Task: Below are records with pictures. Reproduce exactly the lines from the line with "The local church, from" to the line with "For a perplexing", inclusive, and leave each picture out.

Dataset:

········

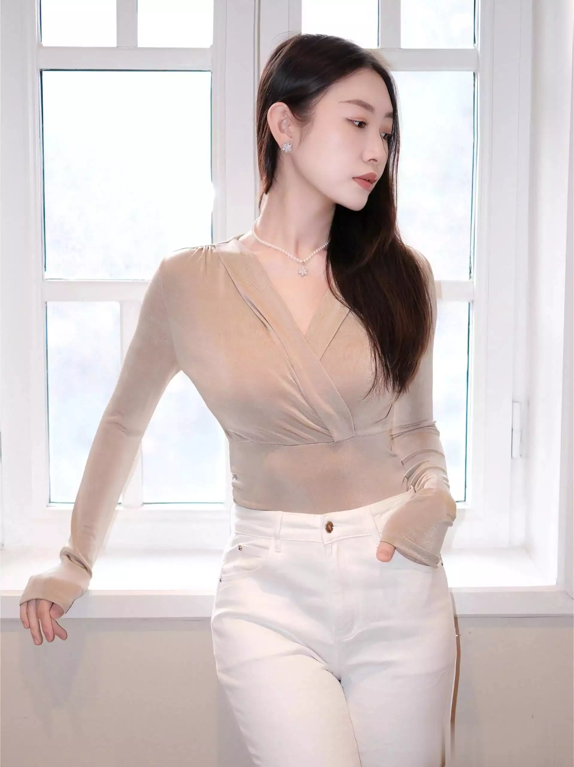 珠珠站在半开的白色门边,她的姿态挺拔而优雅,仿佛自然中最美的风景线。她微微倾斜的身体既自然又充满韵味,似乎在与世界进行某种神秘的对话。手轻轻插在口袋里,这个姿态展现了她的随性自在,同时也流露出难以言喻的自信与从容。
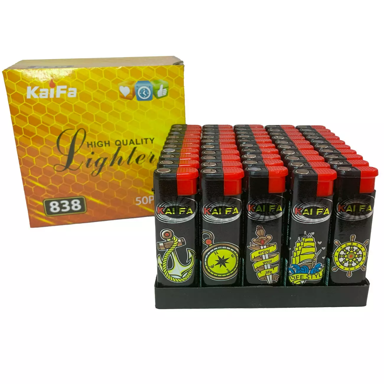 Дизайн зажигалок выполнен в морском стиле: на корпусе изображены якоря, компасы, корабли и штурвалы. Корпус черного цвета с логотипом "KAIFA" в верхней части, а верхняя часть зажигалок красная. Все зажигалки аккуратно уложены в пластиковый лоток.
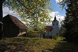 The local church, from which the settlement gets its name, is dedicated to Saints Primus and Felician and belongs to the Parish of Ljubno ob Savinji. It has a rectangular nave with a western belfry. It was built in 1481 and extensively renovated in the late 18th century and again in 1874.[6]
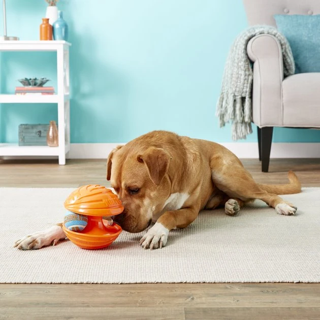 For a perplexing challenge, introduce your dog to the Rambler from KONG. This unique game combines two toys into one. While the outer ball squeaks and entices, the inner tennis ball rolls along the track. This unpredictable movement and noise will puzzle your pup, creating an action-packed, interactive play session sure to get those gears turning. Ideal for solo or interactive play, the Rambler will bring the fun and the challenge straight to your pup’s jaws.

········

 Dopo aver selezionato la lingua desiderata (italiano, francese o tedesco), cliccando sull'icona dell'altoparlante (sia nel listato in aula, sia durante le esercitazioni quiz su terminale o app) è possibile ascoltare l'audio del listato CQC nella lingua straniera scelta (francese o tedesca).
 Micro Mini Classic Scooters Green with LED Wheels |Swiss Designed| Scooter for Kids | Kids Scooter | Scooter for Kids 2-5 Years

········

Exercise response:
 The local church, from which the settlement gets its name, is dedicated to Saints Primus and Felician and belongs to the Parish of Ljubno ob Savinji. It has a rectangular nave with a western belfry. It was built in 1481 and extensively renovated in the late 18th century and again in 1874.[6]
 For a perplexing challenge, introduce your dog to the Rambler from KONG. This unique game combines two toys into one. While the outer ball squeaks and entices, the inner tennis ball rolls along the track. This unpredictable movement and noise will puzzle your pup, creating an action-packed, interactive play session sure to get those gears turning. Ideal for solo or interactive play, the Rambler will bring the fun and the challenge straight to your pup’s jaws.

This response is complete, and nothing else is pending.